Pesky creatures, foxes.

They were beautiful to look at when they were trotting across an open field, but no one wanted to find a fox in their henhouse.

Nor in their rented flat, Felicity thought silently.

“What are you doing here, Mr. Spencer?” Of all the people that could have showed up on her doorstep, he was the one she least wanted to see.

Try as she might, she hadn’t been able to stop thinking about the kiss he had stolen from her. Or the small, insignificant, not-even-worth-mentioning fact that she had kissed him back.

It may have only been for a few seconds, but those few seconds had been playing in her mind on an endless loop for the past eight months. It certainly hadn’t helped matters that she’d seen him again at Scarlett and Owen’s wedding. He hadn’t kissed her, but the arresting way he’d stared at her across the room had been far more intimate than any swift brush of the lips.

Rather like he was looking at her right now.

His possessive gaze made her feel hot and breathless, as if it were the middle of summer instead of the beginning of spring and she was stuck in a parlor without any open windows. She started to fan a hand in front of her face, caught herself, and swiftly tucked her arms behind her back instead, fingers knotting tightly together. “I do not recall requiring the services of a Runner.”

“I’m here off the books, such as it were.” Kneeling, Felix picked up the knife she’d dropped. Weak morning sunlight reflected off the small silver blade as he tossed it from one hand to the other. “What were you going to do with this sewing needle? Pare an apple?”

“It is perfectly sharp, thank you very much, and I would like it back.”

“You’re going to hurt yourself with it.”

“I am going to hurt you if you do not leave this very minute.” Felicity blinked, taken aback at her own words. She was not a confrontational person. In fact, she couldn’t recall a single time where she’d ever stood up to anyone, let alone threatened them with violence. When Ezra had informed her he was beginning divorce proceedings she hadn’t even raised her voice. Which, in hindsight, was something she very much regretted. If only she could go back to that morning…

The day Ezra told her they would be divorcing had begun as any other. She had gotten dressed in her bedchamber listening to the happy chatter of her children in the nursery across the hall. As soon as her green muslin dress was buttoned and her dark hair was swept up in a tidy chignon she went right into the nursery, just like she always did.

Henry was too busy building one of his beloved wooden towers to even glance up in her direction when she walked in, but Anne’s face lit up like the sweetest of candles when she saw her mother. With a squeal of delight she toddled across the sun washed room as fast as her little legs could carry her.

“Mama! Here you are!

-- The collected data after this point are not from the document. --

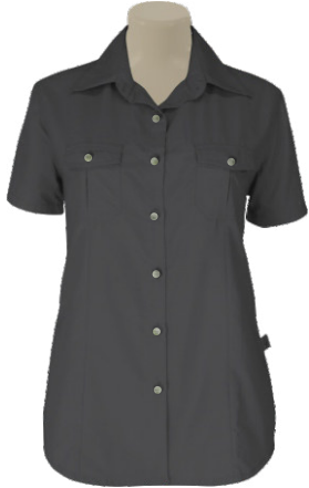
AS150F-TECH - STOCK - LADIES BUSH SHIRT SHAPED WITH FLAP PKTS SS, STONE, OLIVE & CHOCOLATE - from R317.00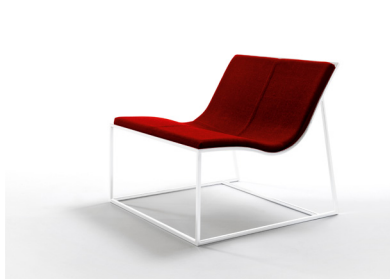
HOLY DAY armchair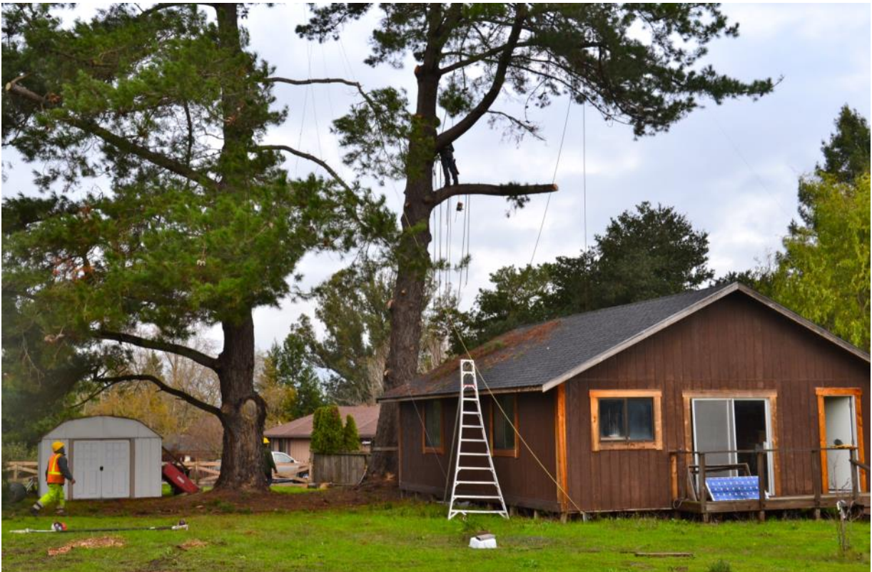
Down comes the tree

When we moved to Penngrove seven years ago, one of the things I really liked about the new place was the pair of tall Monterey pines on the North end of the property. The trees topped out over 90 feet. After years of living in Berkeley on the proverbial postage-stamp-sized lot, here was finally the cure to my low band blues.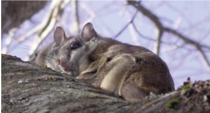
Carolina Northern Flying Squirrel

North Carolina Wildlife Resources Commission [2]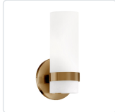
WS9809-VB Vintage Brass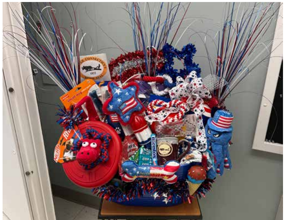
Orange will raffle off a basket of treats and toys to one of the dog owners who obtain licenses in town this June.

June is the renewal month for dog licenses for all dogs six months and older in Orange, and the town is automatically entering all those who obtain a dog license into a raffle to win a basket of dog treats and toys.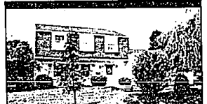
TROY. Decorator perfect inside and out. Freshly redecorated within previous 4 years, features 3 bedrooms, 2 1/2 baths and 15x22 family room and side entrance garage. $118,900 (69REN) 524-1600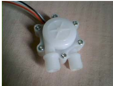
MODEL NO : BI 100 A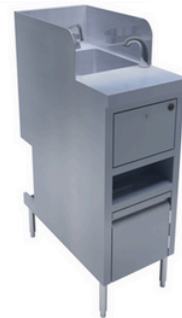
HAND SINK MODEL SIZE

EBFSU12 12" X 24" EBFSU15 15" X 24" EBFSU18 18" X 24" EBFSU24 24" X 24"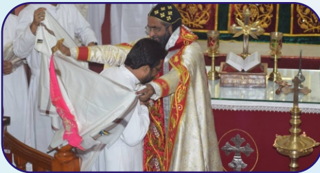
Aboon Felicitating the Tabor Retreat Team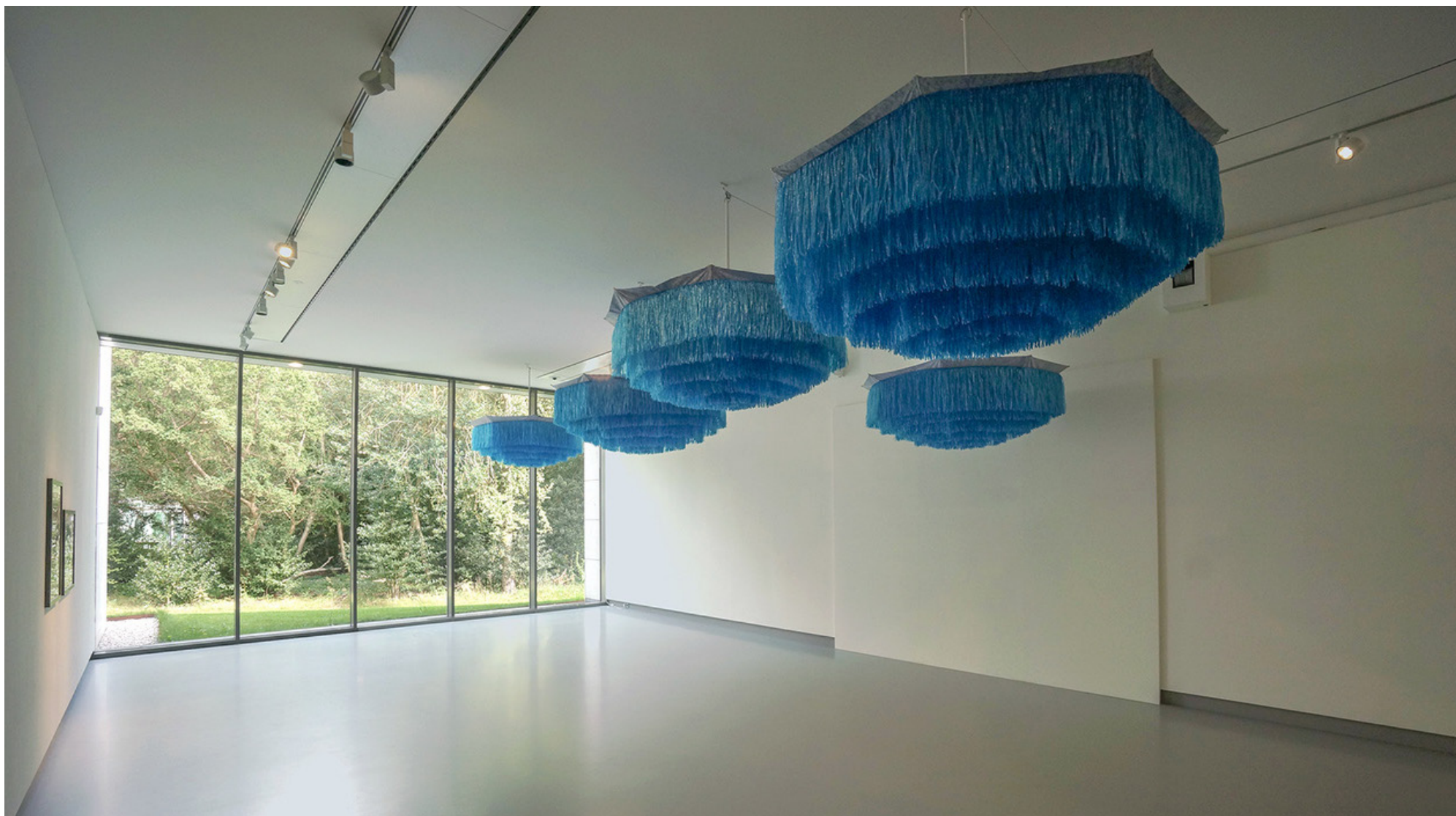
Oceanic Feeling , 2017, textile, PVC, steel, motor, control board, 180 x 180 cm / variable, Installation view The Sweetness of Doing Nothing , Museum Kranenburgh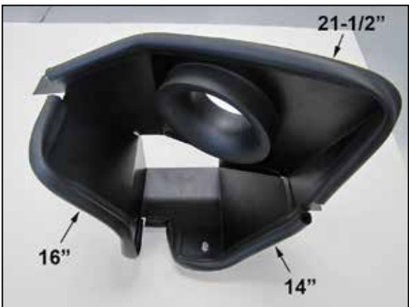
8. Cut the provided top bulb edge trim into sections of 21-1/2", 16" and 14" and then install them onto the heat shield as shown.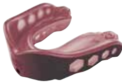
6183A & 6183Y Maroon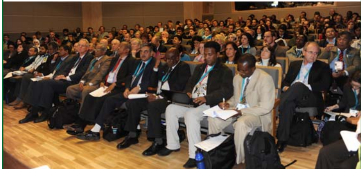
Delegates at the Session 2.3.4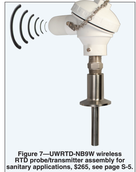
Figure 7—UWRD-NB9W wireless RTD probe/transmitter assembly for sanitary applications, $265, see page S-5.

well as add analytical and control software to improve process control and monitoring. Figure 7 shows an RTD-to-wireless unit that transmits measurements to a matching receiver that can handle up to 48 channels. Matching software logs data and provides process control signals.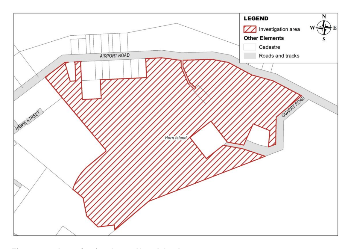
Figure 4.2 – Investigation Area – Horn Island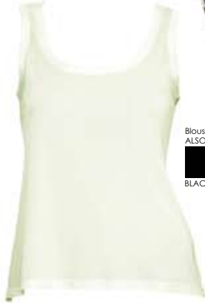
Blouse: 10 SENSE C: MINT ALSO AVAILABLE IN BLACK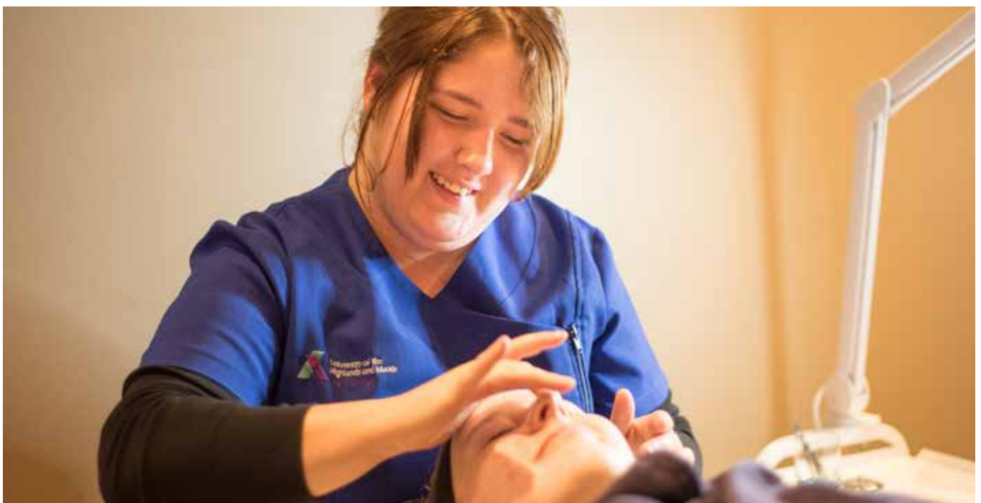
Beauty Therapy, UHI Argyll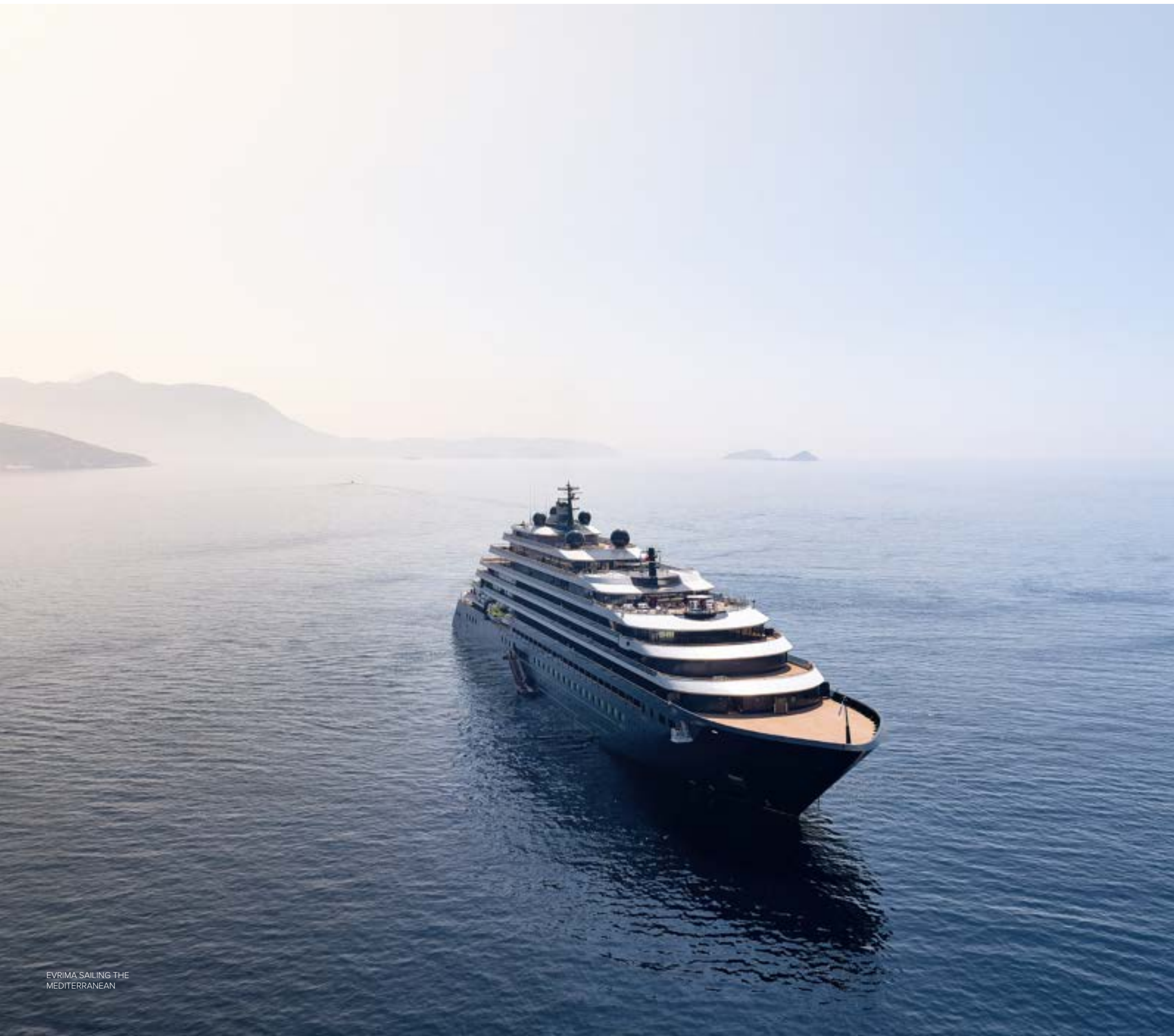
EVIRMA SAILING THE MEDITERRANEAN

I found you,” she trilled excitedly. “Up, up, up!”

Felicity scooped her daughter up into her arms and nuzzled her sweet cheeks as she carried her over to Henry so they could both admire his tower.

“And what is it we are building today?” she asked, moving Anne to her hip.

“A fort.” His mouth puckered in studious concentration, Henry carefully stacked his blocks around six tin soldiers. “The French are invading again.”

“Not again,” she said gravely. “Best secure your defenses and draw the bridge up quickly.”

Henry tilted his head back. “I am, Mum. They won’t get my soldiers this time!”

“That’s what I like to hear.” Setting Anne down, she leaned forward, sweeping back his soft golden curls so she could press her lips to his forehead. “Keep at it, darling. You’re doing a marvelous job. The French have no idea what they are up against.” Her attention switched to Darcy who was throwing toys into a bin. “I was thinking a walk through the park this afternoon if it does not rain. Can you see to it the children are ready and dressed at half past eleven?”

“But o’course, me lady.” The nanny’s heavy Irish brogue rolled pleasantly off her tongue. She sat back on her heels. “Will his lordship be accompanying us?”

“If he is not too busy with his other obligations, I am certain Lord Ashburn would love nothing more than to join his family.” Her bright smile did not fool Darcy in the least, but then it wasn’t for her. Henry and Anne were still blissfully unaware of how disinterested their father was in them and she fully intended to keep it that way for as long as possible. “I will be certain to ask him at breakfast. Speaking of which, I should leave. Ezra does not like it when I dawdle. Be good for Nanny,” she instructed the children. “I will see you soon.”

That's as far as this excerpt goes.